Updated: Jan 9, 2019

We all know about the value and power of the police, ambulance, fire and coastguard services to help us when we are in trouble or support us when we need help. Most of us are happy to invest in these services through our taxes and also possibly through fundraising and volunteering for them. What we often forget is that in the world of work and outside of work there is a fifth emergency service we should all be investing in and supporting -- our Support Networks.

As co-chair of my company's Parents Network I am exceptionally privileged to have met some incredible people who are looking to progress their corporate careers, while also trying to find some balance in others parts of their lives. It really doesn't matter where these people are in an organisation a key to their progression has been the conscious development of a robust and flexible network of support to provide both practical and emotional support. If like me you are a bit 'Type A' and are secretly superwoman dressed as a normal person then now is the time to embrace others and accept you just can't do it all yourself.

Work Networks

These networks can consist of peers within your organisation, mentors, sponsors (if you are lucky) as well as managers past and present. It is important that this internal network includes both women and men.

Building up these networks is especially important if you are planning a career pivot or are about to take an extended leave of absence, for example for parental leave. By prioritizing the building the of your internal network alongside building up your skills and knowledge base you are also well placed to find the next step in your career. It also means there are far more people who know you and could potentially spot that new opportunity for you.

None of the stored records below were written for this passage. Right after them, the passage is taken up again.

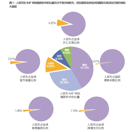 相比于我国实体经济的发展和开放程度而言,我国走向浮动汇率的步伐、资本市场的开放和人民币国际化的进程相当滞后。虽然我国已经具备灵活汇率制度和人民币国际化的宏观基础和条件,而且人民币在特别提款权中的比重也被定为10.92%,但人民币与美元、欧元、英镑和日元等全球货币相比,在服务实体经济的国际交易活动方面存在较大差距。目前,人民币仅占全球官方储备的2.01%、外汇交易的4.32%、国际债券余额的0.41%、跨境支付的1.19%,贸易融资的1.46%。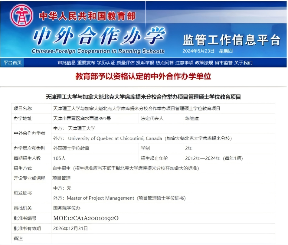 为了解决国内综合型的项目管理人才严重短缺的问题,满足国内对高级项目管理人才的需要, 2001年在当时国内尚无项目管理硕士点和博士点的情况下,学位委员会特别批准天津理工大学和加拿大魁北克大学合作举办“项目管理”硕士学位项目(批准的该类合作办学项目)。为国内培养高级项目管理人才,合格毕业生由加拿大魁北克大学授予“项 目管理硕士(MPM, Master of Project Management)”学位。国家承认。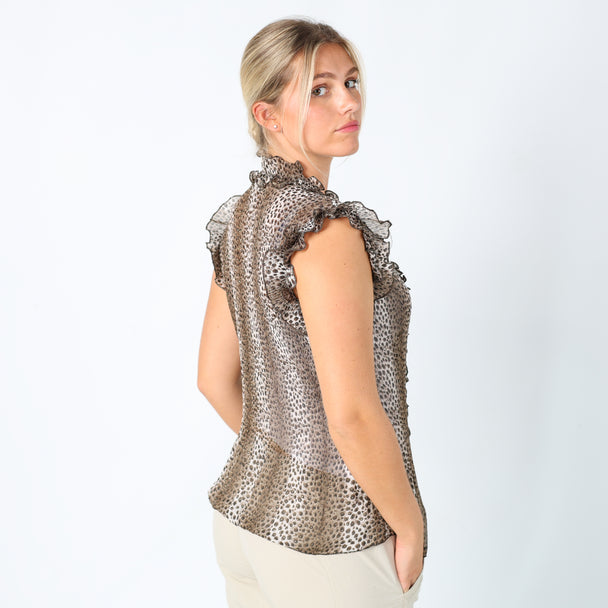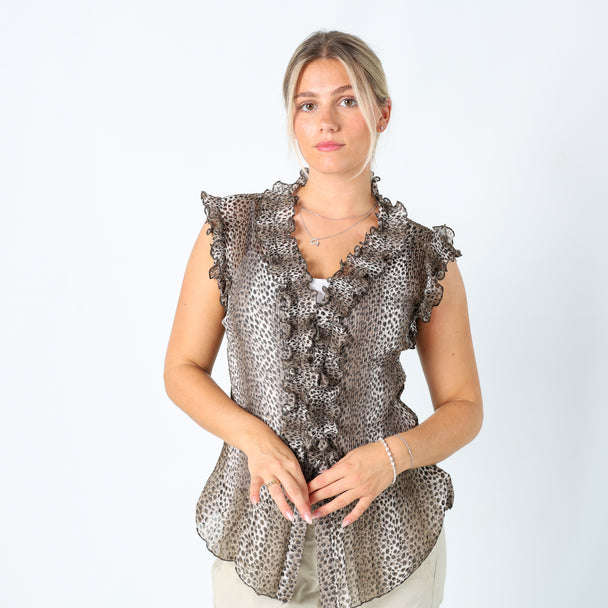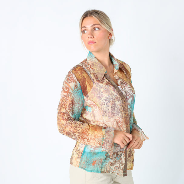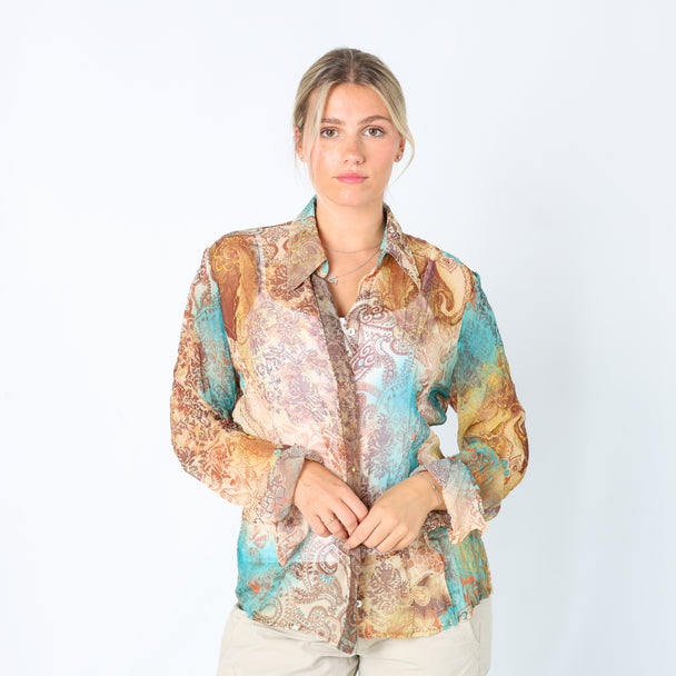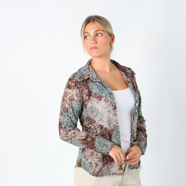 Brown 90s Duohui fushi Blouse Sheer Print (M)

A point of caution around internal networks - as with any of the emergency services if you do not invest there is service to be provided. Similarly any network you do build up needs to be tended to on a regular basis, this can mean both in terms of maintaining the network but also growing it and possibly also changing those who are part of your network as your career developments. This is especially important if you do take an extended period of time off, in which case keeping in touch with your network will make your transition back to work so much smoother.

Life Networks

Your personal network is your foundation of support. Depending on your personal circumstances it most likely to be made up of your very close family, members of your local community, parents of your kids friends and someone you just bumped into at your gym/pub/coffee shop. Whatever the make up you need to make sure that your life network is covering all your bases. It's great to have someone to giggle with when something amuses you at work but you also need people who will give you solid advice, which sometimes you don't want to hear. What about when you are running late to pick up your kids, knowing there is someone there who can help you out is an amazing feeling. By making sure that you have a diverse life network you are giving yourself the best chance to have a solid base to allow you to focus on your work network.

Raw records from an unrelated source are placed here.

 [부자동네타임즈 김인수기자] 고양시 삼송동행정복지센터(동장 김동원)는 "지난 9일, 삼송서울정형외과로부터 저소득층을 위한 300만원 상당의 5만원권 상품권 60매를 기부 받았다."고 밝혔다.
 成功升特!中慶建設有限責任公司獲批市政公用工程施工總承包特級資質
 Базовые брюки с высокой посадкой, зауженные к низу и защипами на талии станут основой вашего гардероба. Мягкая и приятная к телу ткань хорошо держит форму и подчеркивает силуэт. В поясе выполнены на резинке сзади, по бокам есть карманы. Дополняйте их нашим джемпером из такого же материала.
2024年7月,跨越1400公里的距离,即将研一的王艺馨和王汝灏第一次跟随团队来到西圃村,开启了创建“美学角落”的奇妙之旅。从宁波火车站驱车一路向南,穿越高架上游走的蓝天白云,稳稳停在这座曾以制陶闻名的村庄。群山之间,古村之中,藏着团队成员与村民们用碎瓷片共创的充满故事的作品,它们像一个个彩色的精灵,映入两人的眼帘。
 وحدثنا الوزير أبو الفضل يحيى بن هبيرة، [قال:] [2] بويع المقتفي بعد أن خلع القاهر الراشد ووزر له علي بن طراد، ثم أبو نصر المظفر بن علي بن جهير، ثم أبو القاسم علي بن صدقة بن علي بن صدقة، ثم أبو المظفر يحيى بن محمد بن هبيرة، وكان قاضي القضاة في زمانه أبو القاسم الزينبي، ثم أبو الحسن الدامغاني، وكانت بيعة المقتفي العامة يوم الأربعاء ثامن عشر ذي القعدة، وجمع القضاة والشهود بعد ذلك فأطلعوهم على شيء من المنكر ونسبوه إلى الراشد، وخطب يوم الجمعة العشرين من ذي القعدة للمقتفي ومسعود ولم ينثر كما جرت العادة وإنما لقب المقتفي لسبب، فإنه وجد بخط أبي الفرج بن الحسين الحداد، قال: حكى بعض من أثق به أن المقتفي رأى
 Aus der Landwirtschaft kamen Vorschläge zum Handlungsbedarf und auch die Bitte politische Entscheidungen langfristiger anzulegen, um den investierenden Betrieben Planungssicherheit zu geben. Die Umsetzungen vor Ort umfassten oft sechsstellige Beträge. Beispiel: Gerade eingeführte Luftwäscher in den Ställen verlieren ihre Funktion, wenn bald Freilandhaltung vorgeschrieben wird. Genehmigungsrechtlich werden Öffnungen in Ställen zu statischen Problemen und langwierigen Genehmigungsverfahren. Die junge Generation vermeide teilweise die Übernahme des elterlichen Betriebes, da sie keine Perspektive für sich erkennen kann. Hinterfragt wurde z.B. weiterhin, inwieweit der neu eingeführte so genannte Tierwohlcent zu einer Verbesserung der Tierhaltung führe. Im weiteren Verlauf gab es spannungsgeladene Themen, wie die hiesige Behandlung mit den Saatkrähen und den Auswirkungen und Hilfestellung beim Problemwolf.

Having robust and flexible life and work networks allows you to then curate your personal board of directors. These are the best of the best of your networks and will change and adapt over time as you face new challenges and opportunities. Your personal board are the people who will talk straight to you, who will open doors you didn't even know were closed and most importantly will give you wings at moments when you think you have no hope.

All opinions are solely my own and do not express the views or opinions of my employer.